1. Do you have an IV team?


Ans. Yes. We do have an IV team.

2. How do the team help you? / What is their responsibilities? / What does the IV team do?
Ans.
 They take rounds and assess IV cannulas of all patients in the unit.
 They perform IV cannulation especially the difficult ones
 They supervise the infusion practices of the unit ensuring safe infusion therapy.
 They assess patients for IV complications and report to the incharges.
 They take sessions on IV therapy and complications for us.

3. Is competency assessment and privileging done for IV cannulation for you?


Ans. Yes. IV cannulation is a part of our Competency assessment and privileging.

4. Who does your competency assessment and privileging?


Ans. Competency assessment and privileging is done by incharge and nurse educator.

5. Is it important to do competency assessment and privileging for IV therapy on a regular basis?

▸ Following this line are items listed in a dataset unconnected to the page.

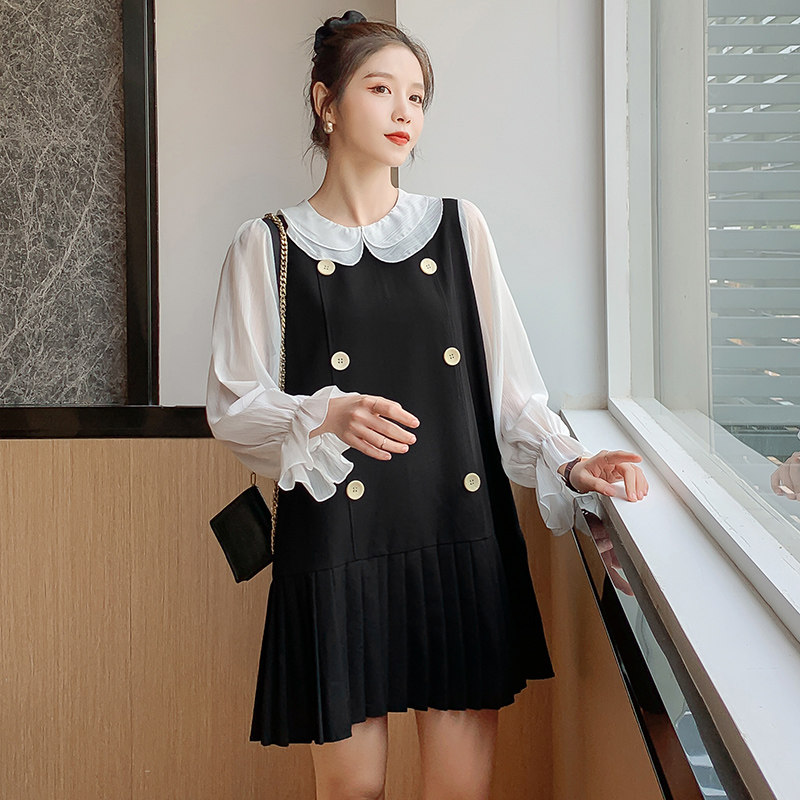 Maternity dress 2021 autumn new small loose and thin doll collar fake two sweet pleated skirts
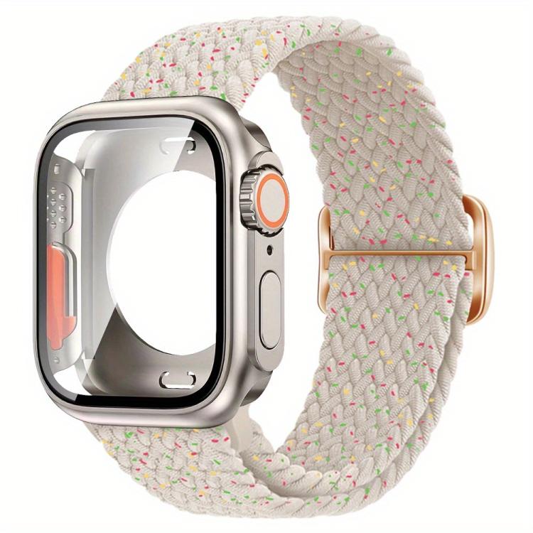 For Apple Watch Series 41mm Ladder Buckle Loop Nylon Watch Band with Change to Ultra 49mm Film PC Cover(Starlight Colorful)
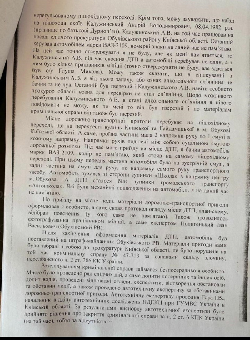 В 2005 году нынешний руководитель детективов НАБУ, а тогда прокурор Обуховской прокуратуры Андрей Калужинский насмерть сбил пешехода на перекрестке. Журналисты выяснили, почему было закрыто это дело и какие манипуляции происходили с экспертизой.
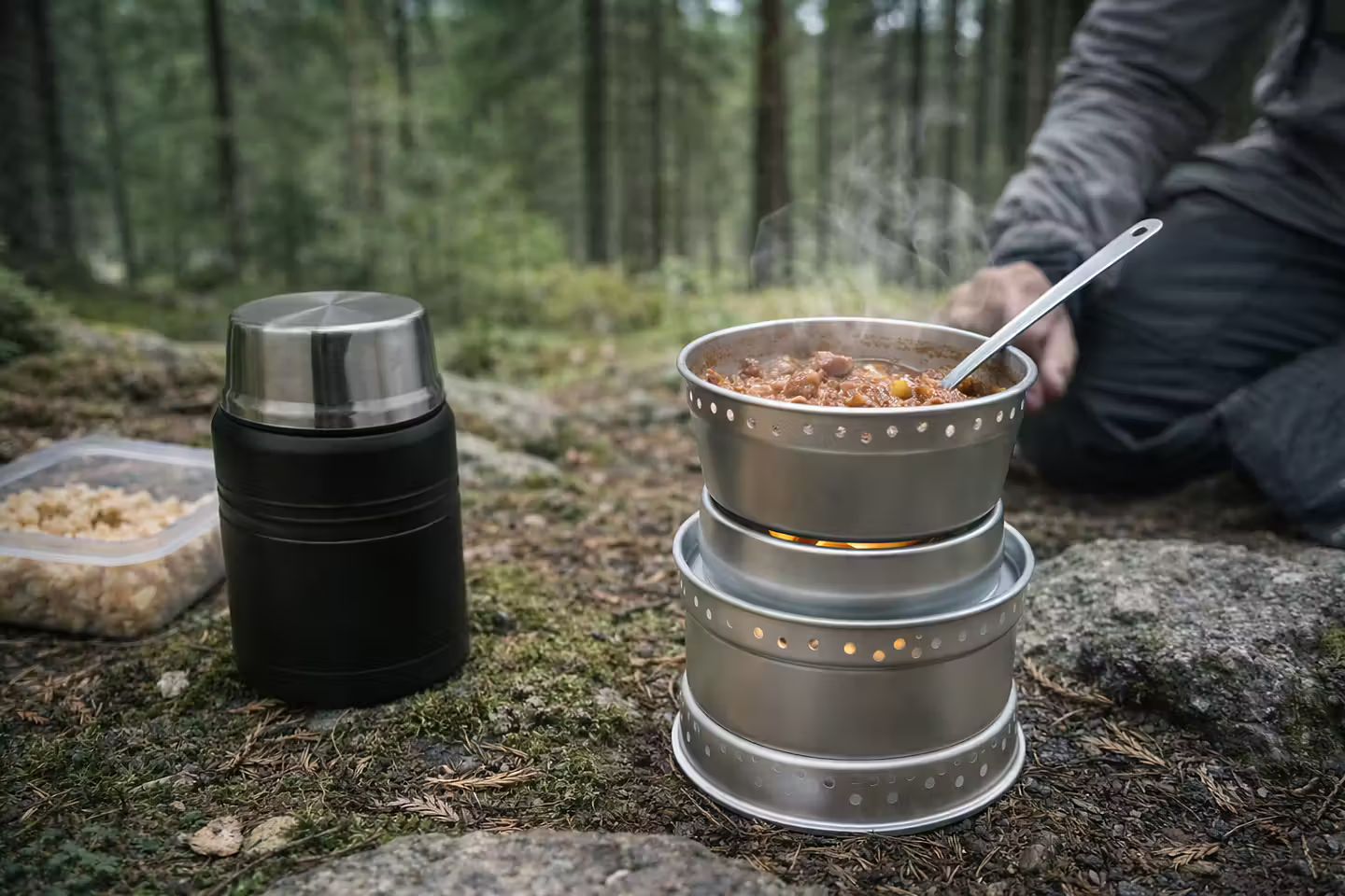 Stormkök som består av en sockel, vindskydd/hållare, brännare, två kastruller, en stekpanna och handtag. Stekpannan kan användas som lock till kastrullerna.
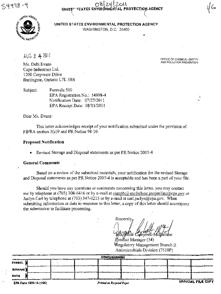 STATES ENVIRONMENTAL PROTECTIONAGENCYUNITED STATES ENVIRONMENTAL PROTECTION AGENCY WASHINGTON, D.C. 20460U)AAU 242011 1OFFICE OF CHEMICAL SAFETY Ms. Debt Evans Capo Industries Ltd. 1200 Corporate
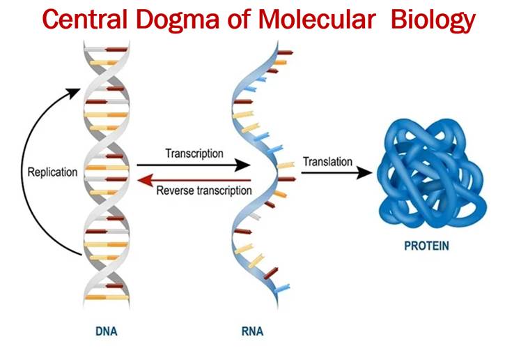 ✔ DNA RNA → Protein (Replication → Transcription → Translation).
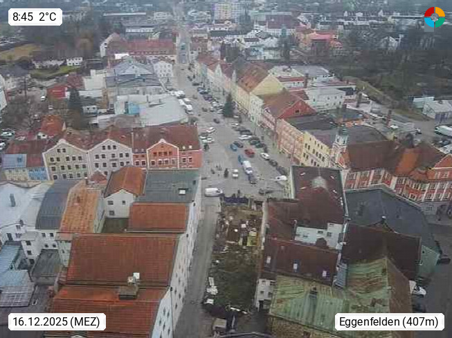 D 84307 Eggenfelden 416m, Stadt im sanften Tal der Rott. Blick vom Turm der Stadtpfarrkirche Richtung Süden über den Stadtplatz. Präsentiert von https://www.eggenfelden.de/de/.
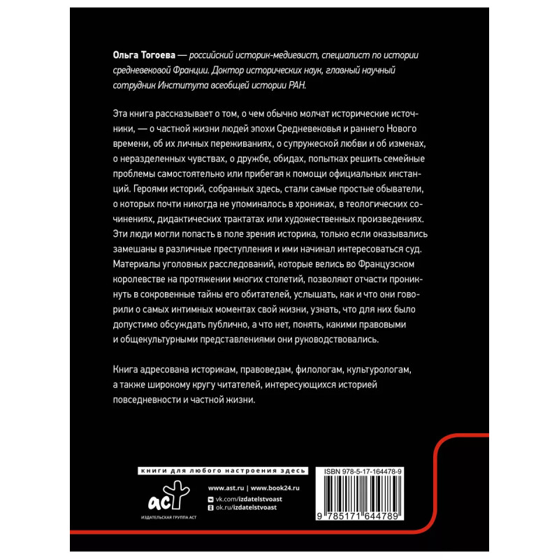 Ольга Тогоева российский историк-медиевист, специалист по истории средневековой Франции. Доктор исторических наук, главный научный сотрудник Института всеобщей истории РАН. Эта книга рассказывает о том, о чем обычно молчат исторические источники, о частной жизни людей эпохи Средневековья и раннего Нового времени, об их личных переживаниях, о супружеской любви и об изменах, о неразделенных чувствах, о дружбе, обидах, попытках решить семейные проблемы самостоятельно или прибегая к помощи официальных инстанций. Героями историй, собранных здесь, стали самые простые обыватели, о которых почти никогда не упоминалось в хрониках, в теологических сочинениях, дидактических трактатах или художественных произведениях. Эти люди могли попасть в поле зрения историка, только если оказывались замешаны в различные преступления и ими начинал интересоваться суд. Материалы уголовных расследований, которые велись во Французском королевстве на протяжении многих столетий, позволяют отчасти проникнуть в сокровенные тайны его обит
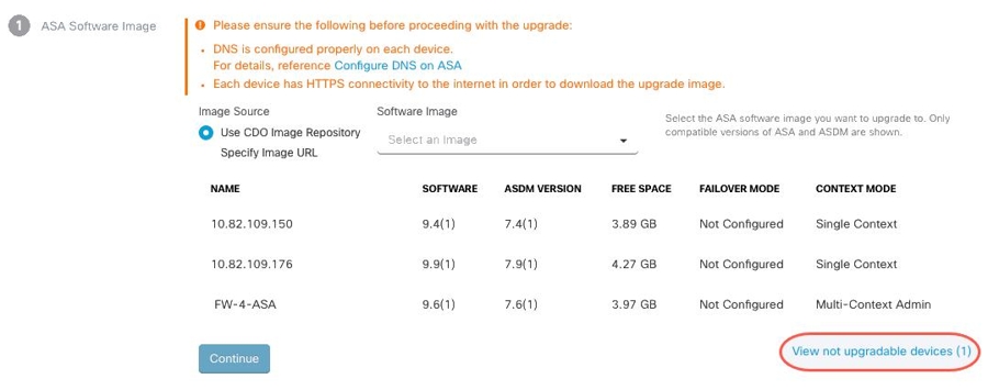 Step 9 | In step 1, click Use Security Cloud Control Image Repository to select the ASA software image you want to upgrade to, and click Continue. The list indicates how many of the ASAs you chose can be upgraded to the software version you chose. In the example below, all of the devices can be upgraded to version 9.9(1.2), two devices can be upgraded to 9.8(2), and one of the devices can be upgraded to 9.6(1). Security Cloud Control alerts you if any of the software versions you chose are incompatible with any of the devices you chose. In the example below, Security Cloud Control cannot upgrade the 10.82.109.176 device to a version earlier than it already runs. | ||
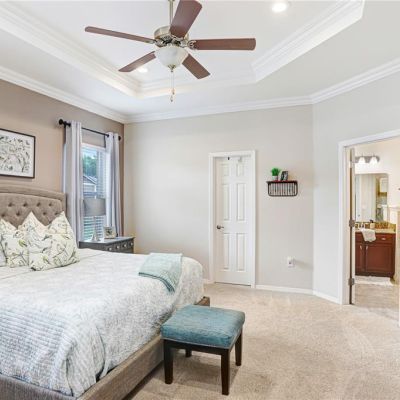 Ceiling Fan(s), Crown Molding, Eating Space In Kitchen, High Ceilings, In Wall Pest System, Open Floorplan, Solid Surface Counters, Walk-In Closet(s)
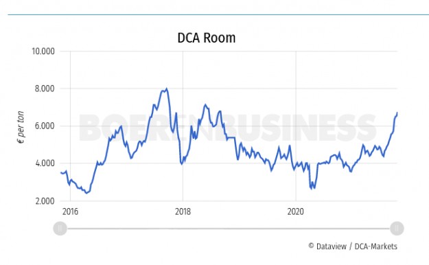 Bij room en magere melkconcentraat waren de prijsstijgingen iets bescheidener,maar de roomprijs nadert langzaam maar zeker de €7000 per ton. Deze week kwam er volgens de DCA-notering €215 bij de prijs op en werd uiteindelijk €6800 genoteerd. Tot het recordniveau van €8000 per ton in eind 20117 is het nog wel even te gaan, en wellicht gaat de prijs nu ook niet zó ver omhoog.
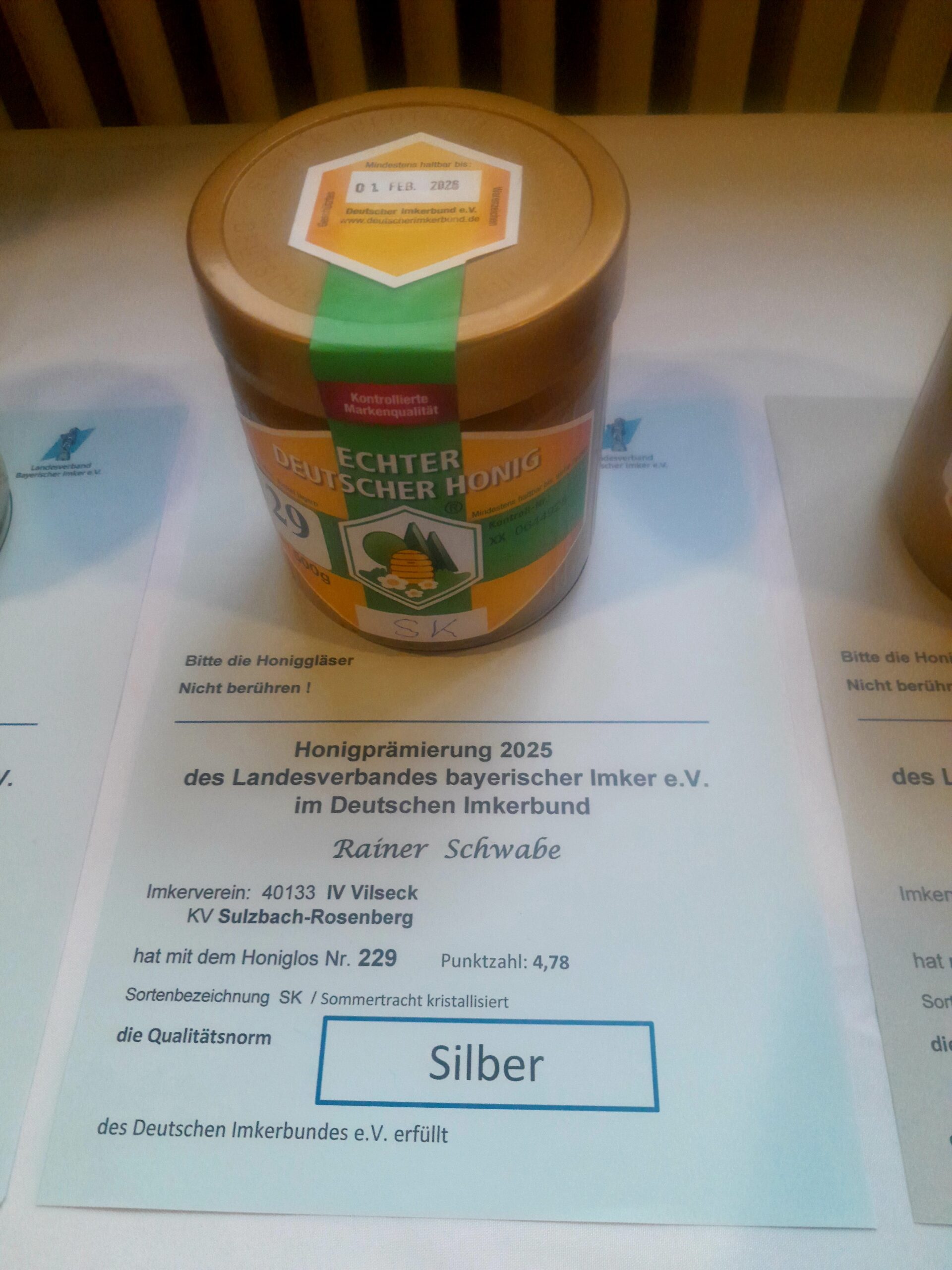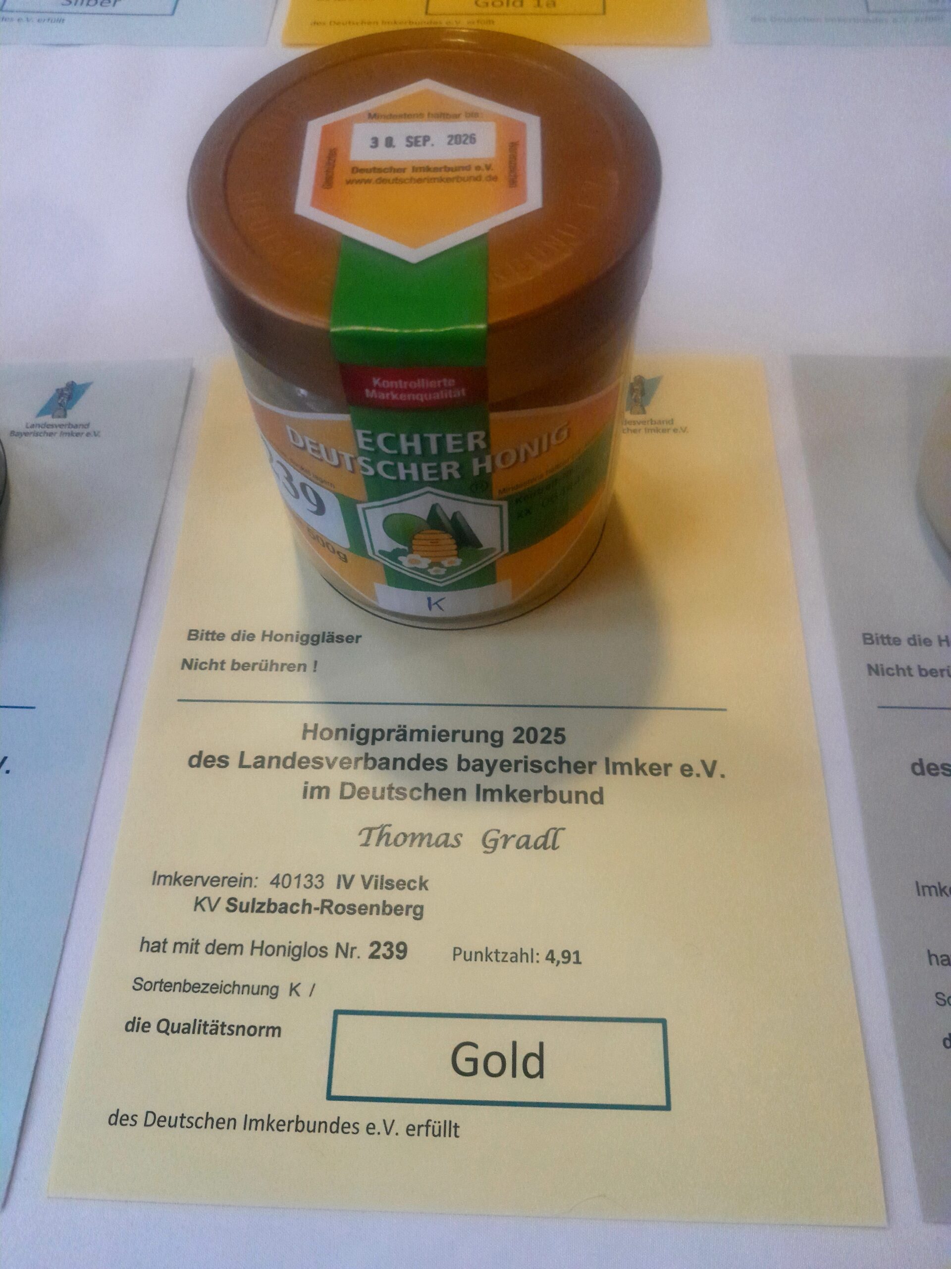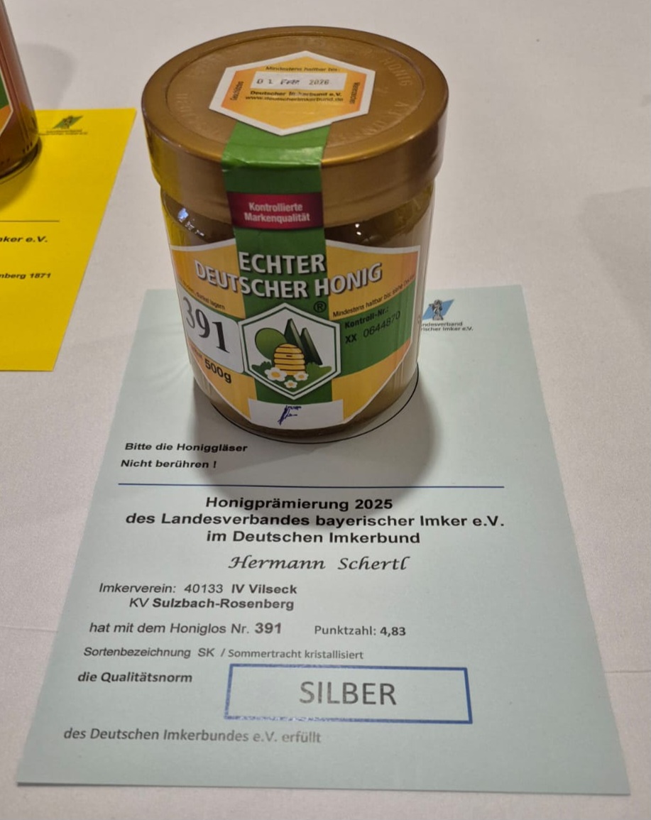 Am 2. November wurden die Ergebnisse der fast 400, nach den Kriterien des Deutschen Imkerbundes, geprüften Honige auf dem 11. Bayrischen Honigfest in Bischofsgrün bekannt gegeben. 3 unserer Imker haben wieder Honige eingeschickt und das Ergebnis kann sich sehen lassen.

Ans. Yes. It is important to do competency assessment and privileging for IV therapy on a regular
basis as it will help to ensure safe infusion therapy and vascular access device insertion and its
management.

6. In case if you find that a product (for eg a syringe / cannula) is defective, what will you do?
Ans. If any product is found to be defective, it is immediately reported to the incharge and a CQI
(Continuous Quality Improvement) form is filled. The incharge sends a mail to the stores
regarding the product issues and the entire batch of the product is then recalled if the issue is
justified.

7. Do you take an informed consent? When do you take and who takes it?
Ans. Yes, We take informed consent for insertion of intravenous catheters like peripheral line
insertion, central line insertion, PICC line insertion and chemoport insertion. The clinican who
performs the procedure obtains the consent.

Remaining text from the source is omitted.